Just for the curious, here is my angle in all this:
I happened to (hobbyist!) research tiny, yet practical, languages for over a decade (see e.g. https://lambada.pages.dev/). In that work I started noticing that the Iota combinator (https://en.wikipedia.org/wiki/Iota_and_Jot) is not a combinator in the most traditional sense: It is usually defined as behaving like "\x x S K", but like, how can we just refer to a lambda in the definition of a logic? One could write reduction rules such as "Iota Iota x -> x", but now Iota appears on the left hand side, in argument position! Doesn't that allow reflecting on arguments? Horror! I just started realizing that, while SK is perfectly Turing complete and sane, forcing down the number of combinators from 2 to 1 magically forces some amount of intensionality! Curious, isn't it?
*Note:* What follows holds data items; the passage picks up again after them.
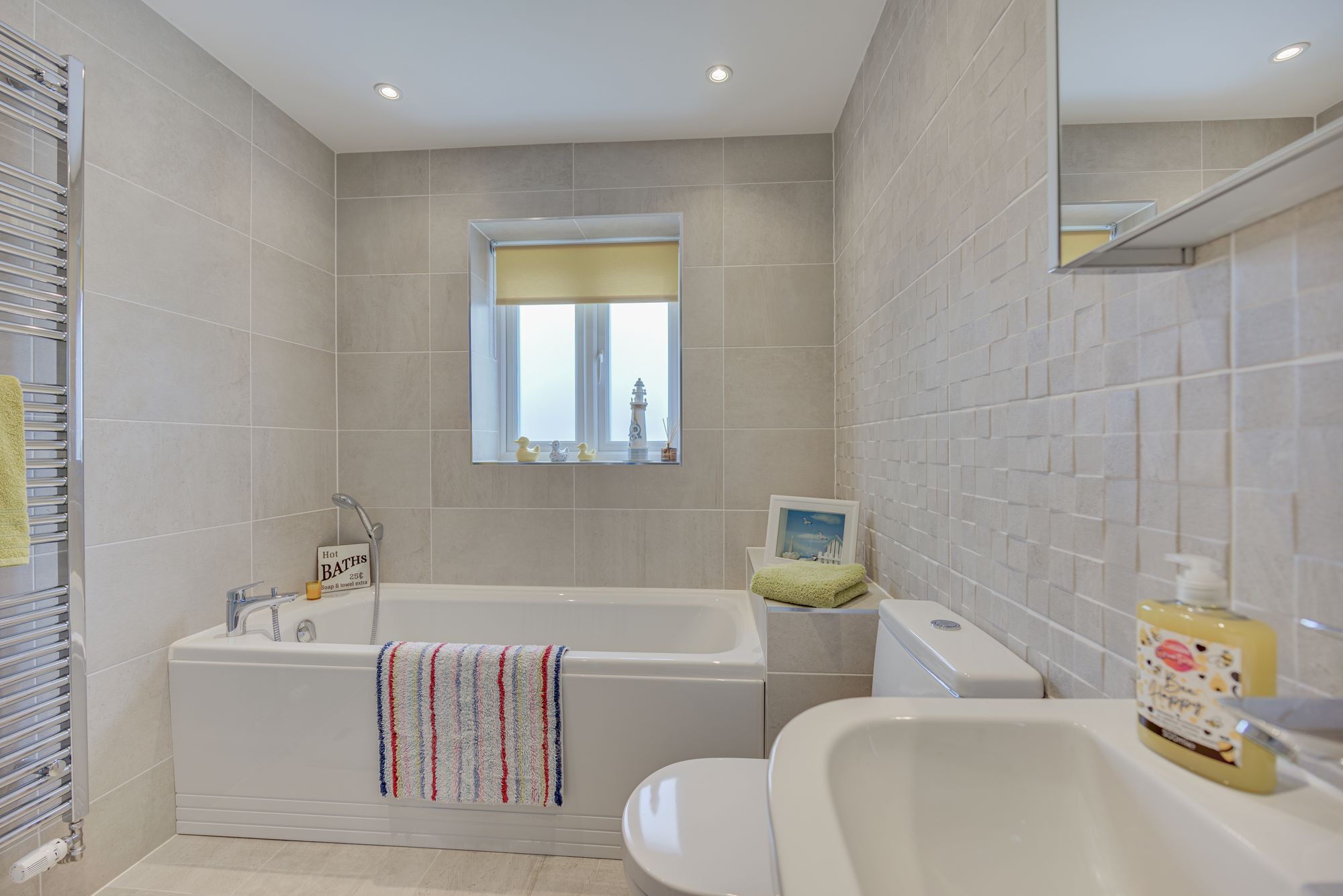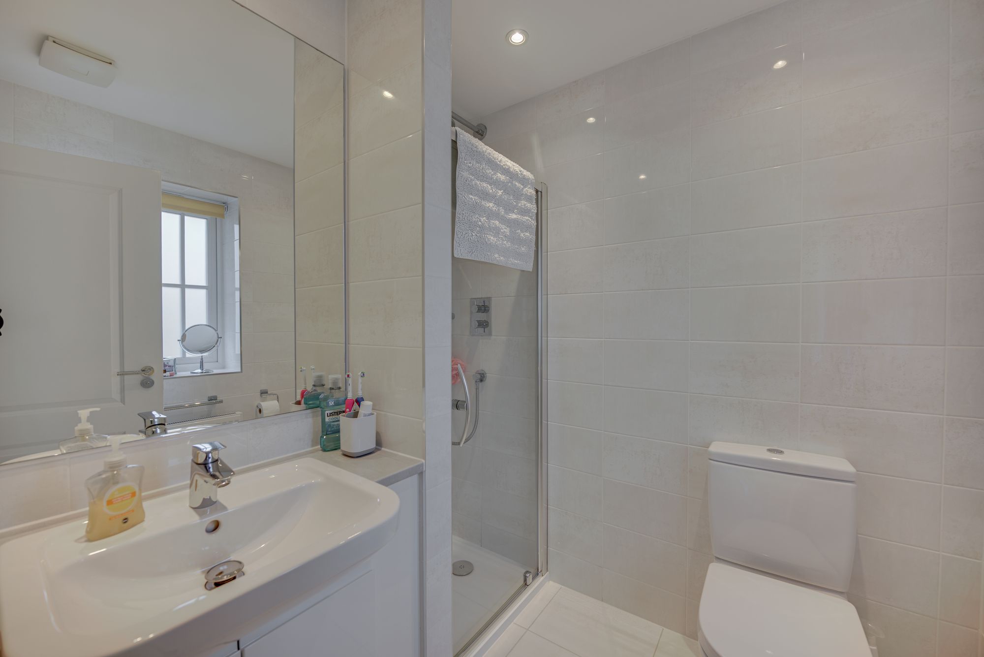 Upstairs, the home continues to impress with four generous double bedrooms arranged around a central landing. This flexible layout easily accommodates growing families, home working, or guest space. The principal superior double bedroom features fitted furniture and a stylish en-suite shower room, while the family bathroom offers both a bath and separate shower. Both bathrooms are finished with high-quality Villeroy & Boch fittings and elegant tiling, delivering a hotel-style feel.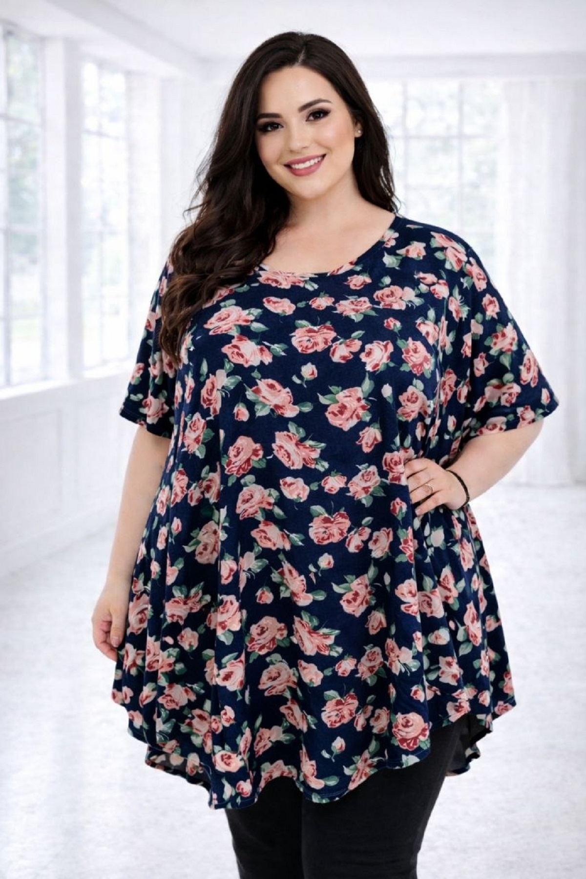 Вільна туніка у стилі пончо 000-1278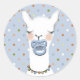 Sweet baby shower gift stickers, party favour labels and envelope seals for birth announcements or shower invites featuring a little llama with a pacifier.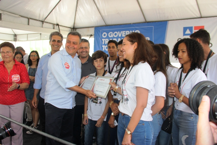 Ainda em Paripiranga, Rui homenageou 12 alunos da rede estadual do município, que foram finalistas nas olimpíadas nacionais de história e matemática. O governador também visitou o Colégio Estadual Governador Roberto Santos e o Colégio com disciplina Militar, mais conhecido com CPM, que foi implantado na Escola Municipal Maria José dos Santos Lima.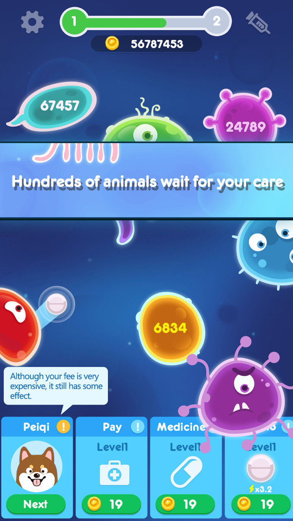 放置宠物医生是一款好玩的益智休闲、经营养成游戏,当一只生病的宠物被送进医院的时候,首先需要迅速的检查是什么原因,然后根据病因来下药;对症下药才能药到病除,同时还要考虑到动物的种类,物种的区别会直接导致需要药物剂量的区别,提醒越大的动物需要吃的药物就越多。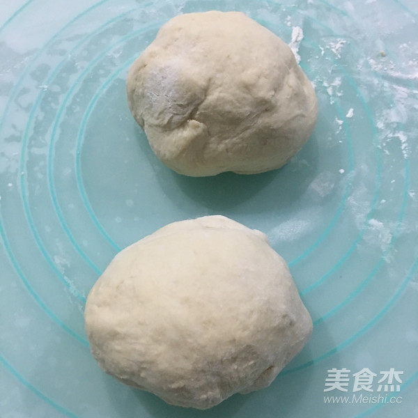 5、取出排气,分割成2份,盖上保鲜膜松弛15分钟。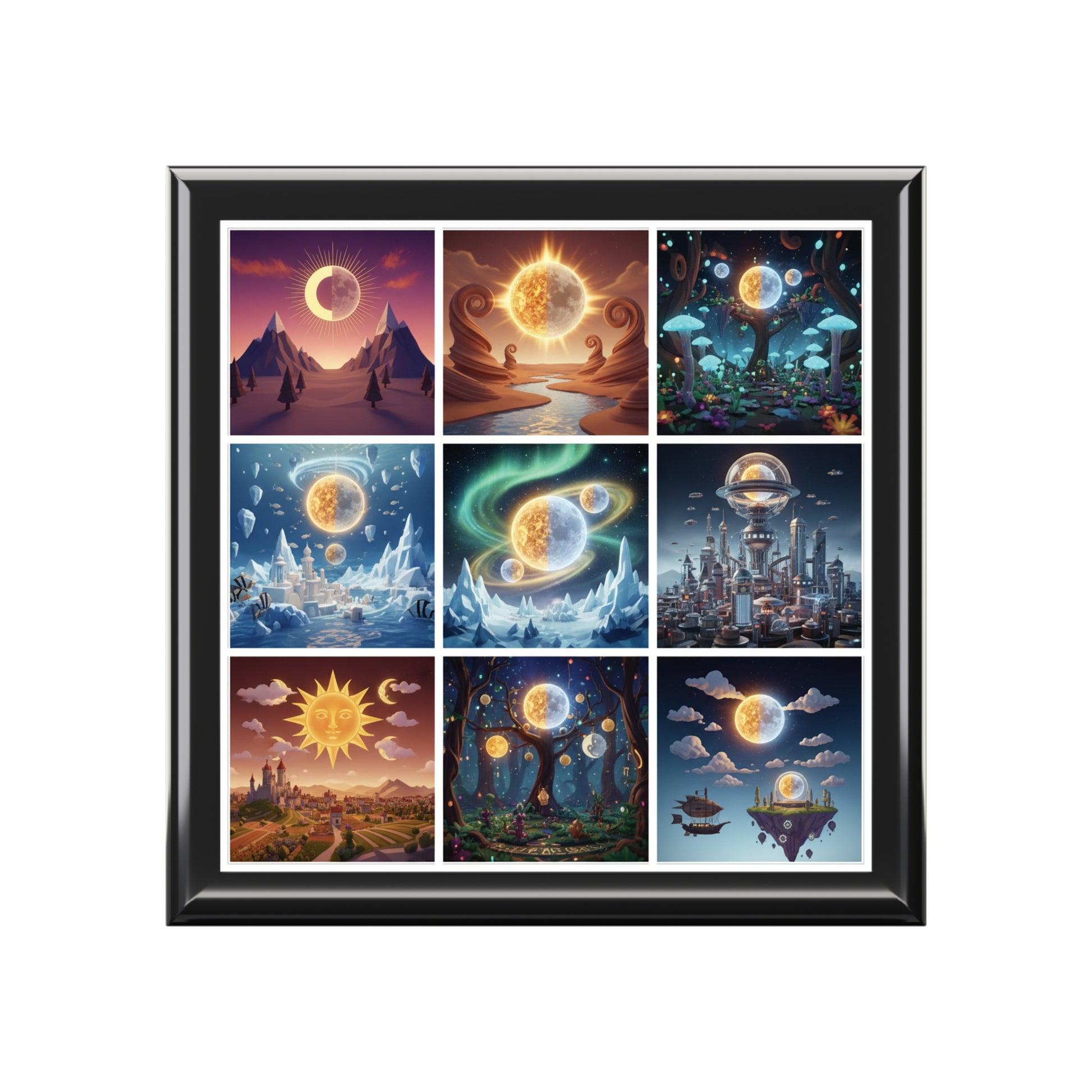 - 6" x 6" glossy sublimation ceramic tile on the lid featuring a celestial collage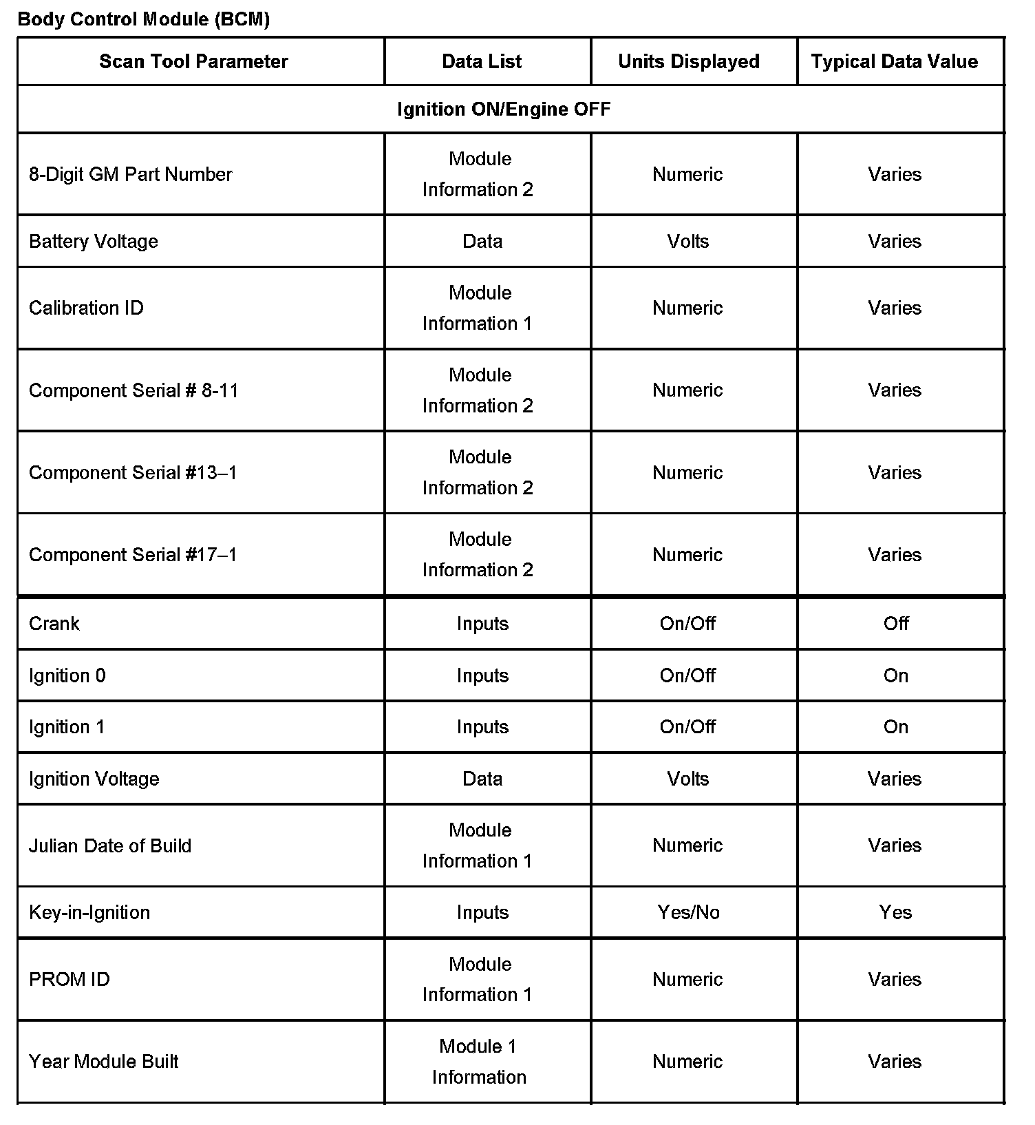 Scan Tool Data List

And that's when I came across Barry's work and book! A calculus that embraces intensionality. So I reached out to see if I can help. How can I be most useful? Barry has been figuring out theory, professionally, before I could think. So I felt like helping spread the word, maybe to a less academic developer crowd, would be a more effective way to contribute. I spent my entire career building developer tools, so I have some ideas what could be useful and what might be necessary to convince various kinds of developers. That's how the website came to be, and it is very much a work in progress. We sync regularly, for instance Barry had excellent ideas for demos and I suggested slightly tweaked reduction rules at some point (not more powerful in theory, just more convenient in practice), see "triage calculus" in typed_program_analysis.pdf
It took me a while on the website to understand what it was all about. As it is it looks more like a website for a functional programming language.
Could you link typed_program_analysis.pdf? I can’t seem to find it.